Keywords: protection of minors, social media, online communication, luring minors, age prediction
1. 1. Introduction
The Internet is a very useful tool that allows users worldwide to easily obtain information and interact with others offline.
Communication through the Internet has become indispensable for social life, especially when combined with the spread of mobile
phones, smartphones, e-mails, SNSs, and chat applications. Such communication is not only ubiquitous for adults but also for
minors. However, online communication poses risks to minors, such as cyberbullying [1], internet harassment [2], and sex crimes
[3].
To deal with such problems, Toriumi et al. [4] identified potential victims and predator targets using such information as the
number of transmitted/received words and characters, except for user age information. Wolak et al. [3] concluded that in many
cases of internet-initiated sex crimes, the victims were minors and the predators were adults over 25. To uncover both potential
victims and predators, age information must be considered. However, in many online services, the correct ages of users are not
known. For example, since registration for some services does not require strict verification of the age of users, registration can
be accomplished with a fake age. To protect minors from the risk of online interaction such as sex crimes, estimating user ages and
detecting online communication between adults and minors are vital. In our paper, we focused on acquiring age information by
estimating it from the contents of texts posted by users to detect interactions between minors and adults and clarified that the
interactions of minors with adults are more dangerous than with their peers.
In this paper, we created generation labels of users as training data from posted text data that can determine user ages. Then we
made a generation classifier by a machine learning algorithm to classify non-age-determined users and analyzed the frequencies of
both received and dangerous comments from adults that might lead to offline encounters.
2. 2. Datasets
2.1. Communication service 755
In this study, we use a communication service called 755(https://7gogo.jp/), provided by 7gogo Inc. in Japan. In 755, users can
create chatrooms called talk with their friends and interact with other members through its talk. Non-member users can also read
talk in chatrooms and send responses that are called yajiuma (onlookers) comments to chatroom members.

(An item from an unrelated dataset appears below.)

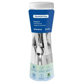 Faqueiro Tramontina Ipanema com Lâminas em Aço Inox e Cabos de Polipropileno Branco com Pote Plástico 24 Peças

In the 755 service, the founders of a group of friends generally participate in chatrooms and invite users who post yajiuma
comments to communicate with them. We assume that the users who participate in the same chatroom are friends. In some cases,
users post (on twitter and other communication services) such personal information as user IDs and mail addresses to yajiuma
comments or talks. Such posting of personal information is often prohibited by service providers. Since the leak of personal
information increases the threat that such incidents will encourage sexual predators, such comments are deleted immediately and
labeled as NG comments by the sites managers.

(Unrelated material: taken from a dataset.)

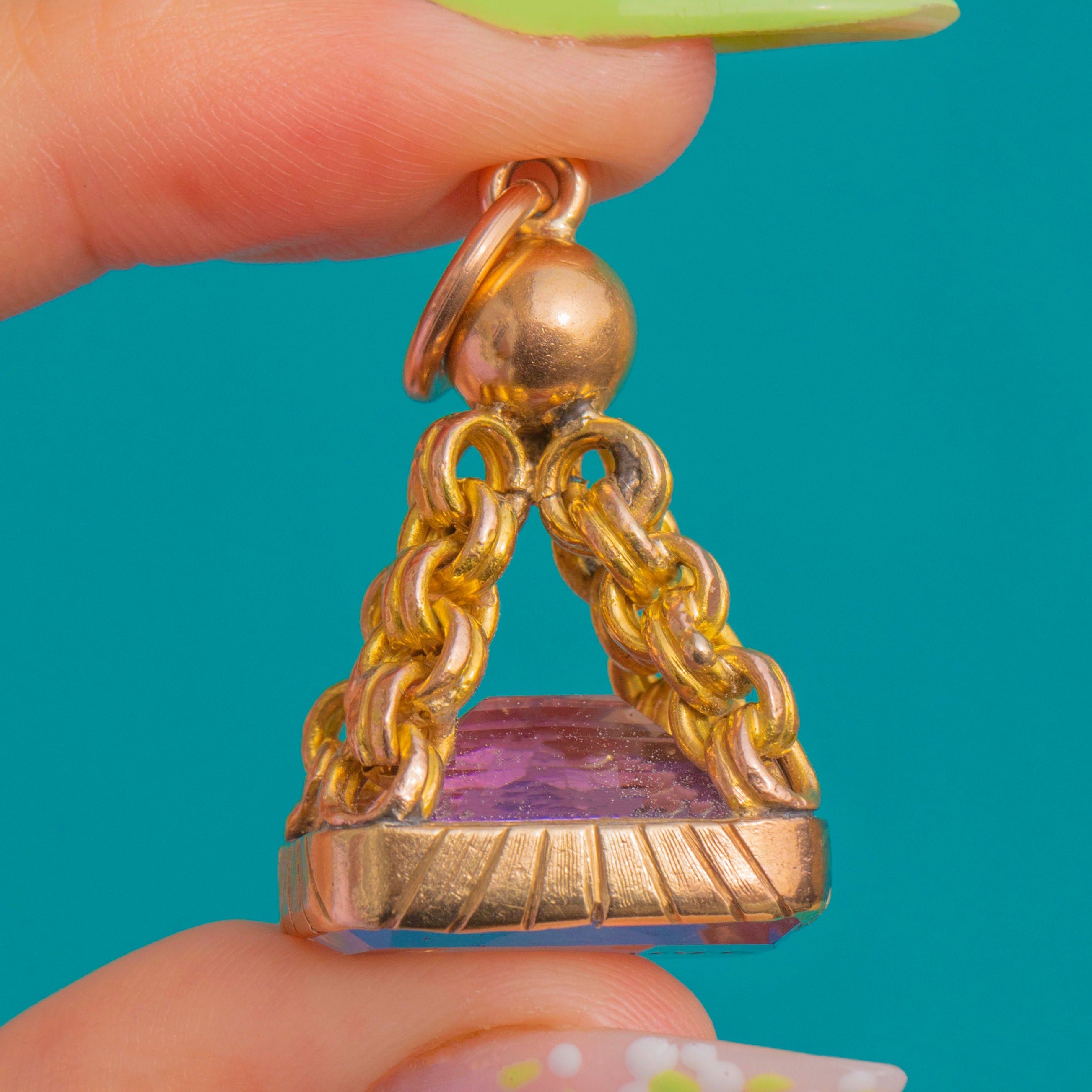Sculptural and soulful, this antique Portuguese fob seal pendant pairs rich Gold with a beautifully Amethyst intaglio that reads “Emanar” — “to live with feeling”. The design is wonderfully architectural: a polished orb finial leads to three petite chain drops that gather at a low, engraved bezel, framing the vibrant purple gem with elegant detail.

Journal of Transformation of human behavior under the influence of The Infosocionomics SocietyVol.2 2017
2.2. Data
In this paper, we use talk and yajiuma comment data with NG comment flags. The following are the details of these data:
Users: 212,709 (the number of users who had posted the sentence on talk once or more from 1/12/2014 to 27/3/2015. This
data includes sentences which had been posted on talk by them in the meanwhile)
Chatrooms: 481,473 (the number of talk which had been posted by users from 1/12/2014 to 26/1/2015)
Comments: 10,000,000 (the number of yajiuma comments which had been posted by users from 1/12/2014 to 7/2/2015)
NG comments: 20,990 (the number of NG comments which had been posted by user from 1/12/2014 to 7/2/2015)
3. Age prediction
3.1. Method of age prediction
In 755, although the user's age information is not known directly, sometimes it can be inferred from sentence data. One method
for estimating a users age is locating the phrase, happy yth birthday, sent by friends [5]. However, in 755, it is difficult to
determine ages from birthday messages for the following reasons. First, since users can not directly send a message to a specific
individual, determining the target of birthday messages is difficult. In addition, in Japan, people generally do not mention age
when celebrating birthdays. Therefore, in this research, we simply use the following posted sentence to determine user ages: I am
x years old.
After we determine the ages of users, we labeled each user into the following three categories:
Junior/high school students (minors): 12-17 years old;
College students: 18-24 years old;
Adults: 25-50 years old.
These categories are based on age studies in Japan. As a result, for the period from December 1, 2014 to March 31, 2015, we
obtained the following age-determined users (Table 1).
Table 1 Age distribution
Age group
Minors
College students
Adults
Total
Numbers of users
2,344
2,249
907
5,500
3.2. Results of age prediction
In this study, we use the TF-IDF of the sentence data and logistic regression to classify the age groups [6][7]. First, we created
a bag-of-words vector that only extracted nouns without numerals from all of the posted texts of each user . From the bag-of-
words vectors of all the users, we calculated TF-IDF matrix . Each element  of TF-IDF matrix is calculated as follows:
 =(number of times word j appears in )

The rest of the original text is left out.